Otherwise I actively avoid advertising wherever possible – I haven't watched
broadcast TV or commercial radio in years and block all the things online.

Interestingly, the other day I was on the tube and every single ad was for
web-based services. No physical products or pre-Internet companies at all.

------
jacquesm
> We know the oldest segment of the internet doesn’t block ads very much. By
> contrast, the rate will skyrocket for a younger, more tech-savvy crowd.

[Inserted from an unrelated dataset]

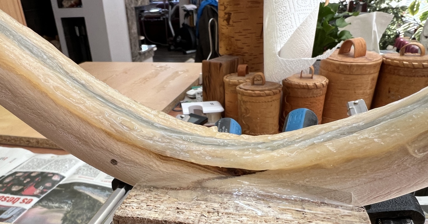 Über Nacht habe ich den Bogen eingespannt um etwas Reflex rauszunehmen. Heute dann die Sehnen Session. 3 Sehnen sind mir gelungen aufzutrennen ohne die die Kontinuität zu zerstören. Einweichen der Sehnen in lauwarmes Wasser unter Zusatz von 2 Tropfen Spülmittel. Über Nacht habe ich schon Hautleim quellen lassen und dann im Leimkocher auf 55 Grad erwärmt. Im Leimtopf sind 2 Kammern, eine für dünnflüssigen Leim, eine für zähflüssigen. Der Bogen bleibt während dem Sehnenbelegen eingespannt. Zuerst Reinigung mit Aceton. Dann mit heißem Wasser bestreichen und trocknen lassen, damit sich die Fasern aufstellen. Fühlt sich nach dem Trocknen deutlich rauer an. Dann 3x Einstreichen mit dünnflüssigem Leim und zwischen jedem Anstrich mit dem Haarföhn erwärmen damit er besser einzieht. Die eingeweichten Sehnen mit Wasser sauber Spülen, dann wird die erste Sehne in den zähflüssigen Hautleim gelegt. Mit der Spitze eines Essstäbchens werden dabei die Fasern auseinander gedrängt, damit der Leim in alle Ecken kommt. Nach fünf Minuten wird die Sehne herausgenommen, überschüssiger Leim vorsichtig ausgestrichen. Die Sehne wird auf einem glatten Brett flach gestrichen, dann mit einem Messer abgehoben und die Sehnenplatte jetzt dem Wurfarm aufgelegt, mit dem Finger flach streichen und Lufteinschlüsse rausmassieren. Die beiden weiteren Sehnen werden in gleicher Weise aufgebracht, die 10 Zentimeter langen Überlappungen befinden sich genau im Spleißbereich der beiden Bogenknie. Die Ränder sehen wulstig aus. Wie immer siehts nicht perfekt aus. Wickeln mit breitem Hosengummei hin und zurück (gegengleich damit sich nichts verdreht). Im eingespannten Zustand gehts jetzt ab in die Sauna, 55 Grad 1 Stunde. Dann 1 Stunde abkühlen lassen und Auswickeln. Jetzt siehts deutlich besser aus, die Randbereiche der Sehne sind glatt auslaufend, in der Mitte ist der Sehnenbelag am dicksten. Sieht jetzt eigentlich richtig gut aus. Jetzt über Nacht trocknen lassen, dann wird der Bogen wieder eingespannt. Der Bogen wiegt jetzt 442 Gramm. LG Stephan
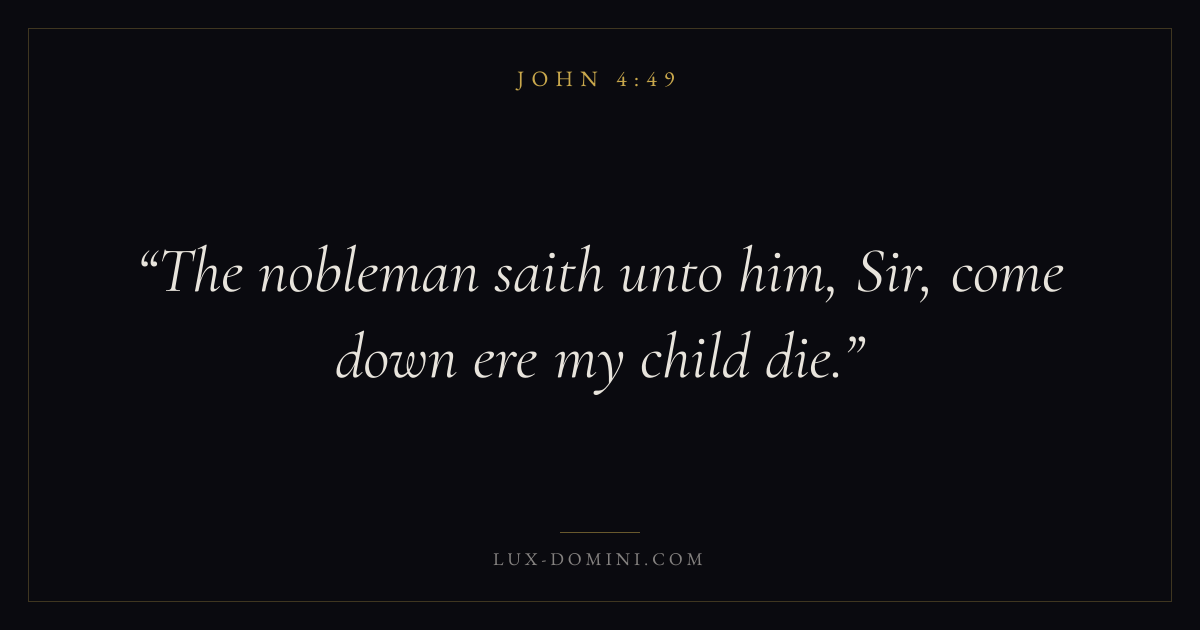 Books / John / Chapter 4 / Verse 49 ← John 4:48 John 4:49 John 4:50 → The nobleman saith unto him, Sir, come down ere my child die. Download verse card Share on Twitter Share on Facebook Pin it ✦ Key themes LoveFaithTruthIncarnation Read with John 4:47John 4:48John 3:161 Corinthians 13:4 Related topics Bible verses about loveBible verses about faithBible verses about truth ✦ John Chapter 4 verses V. 1 V. 2 V. 3 V. 4 V. 5 V. 6 V. 7 V. 8 V. 9 V. 10 V. 11 V. 12 V. 13 V. 14 V. 15 V. 16 V. 17 V. 18 V. 19 V. 20 V. 21 V. 22 V. 23 V. 24 V. 25 V. 26 V. 27 V. 28 V. 29 V. 30 V. 31 V. 32 V. 33 V. 34 V. 35 V. 36 V. 37 V. 38 V. 39 V. 40 V. 41 V. 42 V. 43 V. 44 V. 45 V. 46 V. 47 V. 48 V. 49 V. 50 V. 51 V. 52 V. 53 V. 54

That's so contrary to my own experience, I wonder what evidence they used for
that.

It's also interesting that they see the 'kind' of ads as a problem, rather
than the industry and its way of applying technology as a whole. Ads are a
bunch of payload requiring bandwidth (sometimes in short supply), cpu power
(and so reduce battery life), waste the recipients time, have been used to
spread malware and viruses and are used to track people and build profiles on
them. None of those factors have anything at all to do with the content or the
format of the ads, and each of those by itself is a very valid reason to
install an adblocker, combined the decision is an absolute no-brainer.

For a day or so I used chrome (where I normally use firefox but that browser
is currently occupied with a rather long running macro) and my chrome install
does not have an adblocker. It's absolutely incredible how much worse the
situation has gotten since I started using adblockers.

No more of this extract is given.